И старик, очнувшись, в первый раз посмотрел на меня с удивленным
почтением. Он понял, что не зря тогда увел
замерзшую девочку от лестничного окна шестого этажа, от мусоропровода, куда я
запихивала содержимое своего портфеля
и школьную форму с туфлями, чтобы вырваться из жизни в другое измерение
совершенно свободной, то есть - голой.
- Как ты поняла? Я же еще ничего не сказал!
- Обгрызенные временем ступеньки наверх, по которым тебе было запрещено
подниматься.
- Действительно... Но я же ни интонацией, ни голосом не выдал себя!
- Не выдал. Ты просто сказал о запрете, мне стало интересно.
- Что ж, так оно и есть. Я проснулся как-то ночью от странных звуков.
Душно было, спали с открытыми окнами. Я
понял, что звуки идут сверху, из окна над нами. Невероятный голос пел, подвывая,
словно кто-то каждый раз толкал
поющего в спину и заставлял брать ноту выше и выше. Все выше и выше, пока
нечеловеческое (а я никогда не слышал,
чтобы человек издавал такие звуки), высокое "о-о-а-а-а!.." не обрывалось вдруг с
рыдающим надрывом. И было в этом
надрыве странное облегчение: и боль, и удовольствие. Тут стоит тебе сказать, что
к своим двенадцати годам я уже бывал в
опере и знал, что такое распевка.

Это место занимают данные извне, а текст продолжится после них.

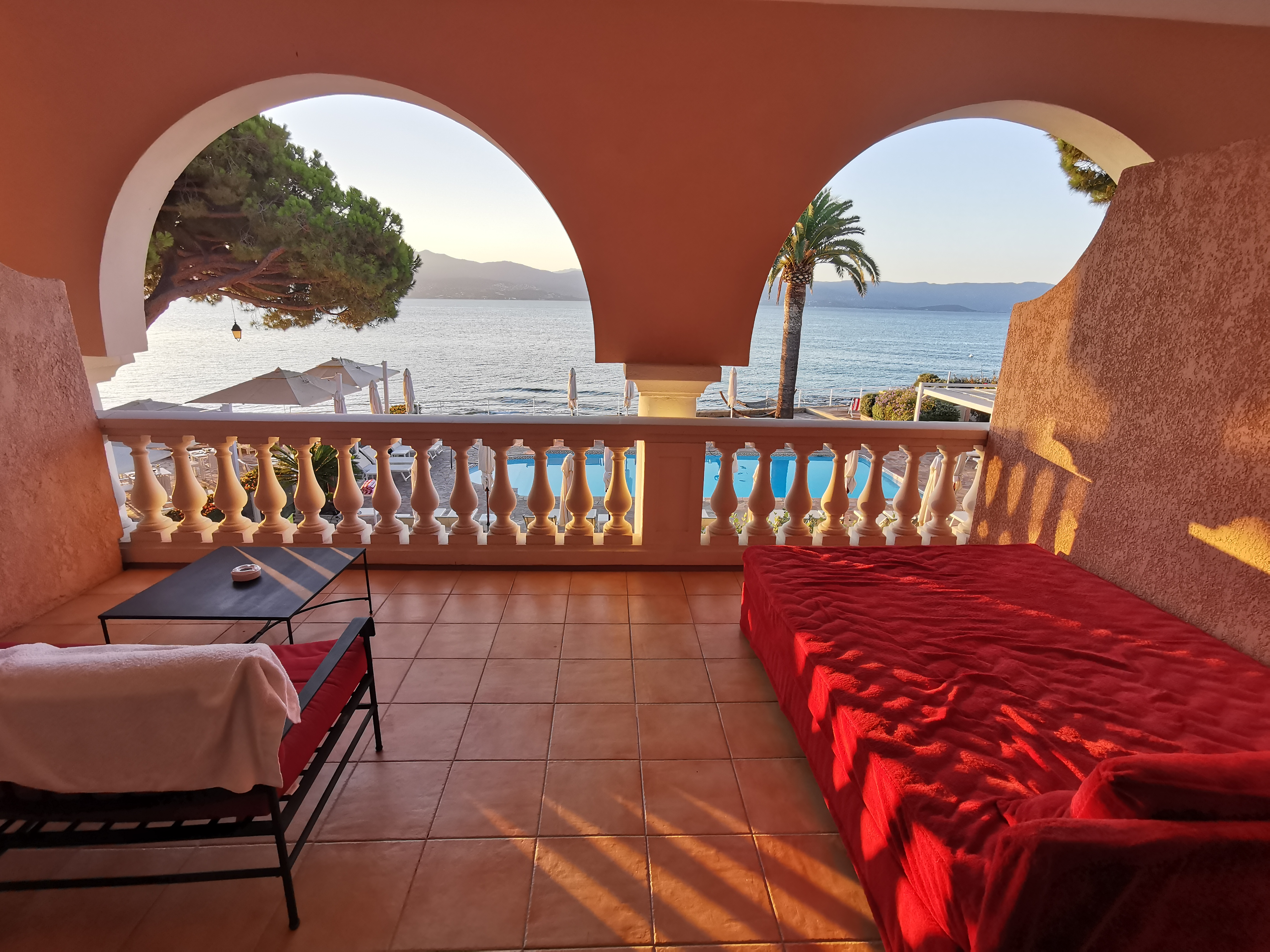 Excellente situation; chambre (16) avec une grande et agréable terrasse privative, sans vis-à-vis, avec vue sur le golfe d'Ajaccio et à seulement quelques mètres de l'eau ! Chambre très propre et lit très confortable. Petit-déjeuner et restaurant dans un agréable patio sur une grande terrasse ombragée avec vue sur la mer. Plage privative et piscine (eau salée) très agréables. Parking privé et ombragé dans l'hôtel (avec borne de recharge)

Голос был превосходным женским контральто,
такой страсти и муки мне слышать ранее не
приходилось ни в опере, ни в жизни, а представить, что певица с таким
исступлением просто репетирует ночью постановку
голоса, было невероятно и даже страшно: как же она тогда поет на сцене?!! Я весь
задрожал и покрылся потом. Я хотел
немедленно ее видеть, упасть на колени, не знаю, что именно я тогда хотел
сделать, а тут еще душный морок теплой ночи с
расплавленными в грязной воде фонарями и испарина, - испарина на всем! - на
теле, на стенах, в гортани, в легких...
Я откусила заусенец и спросила, хитро прищурившись:
- Она трахалась, да?
И тут же пожалела. Сверху на меня посмотрели искаженные мукой и странной
сладостью глаза, длинная кисть
взметнулась в воздухе - ударить или перекрестить?.. Старик несколько секунд
решал, что со мною делать дальше... И сдался.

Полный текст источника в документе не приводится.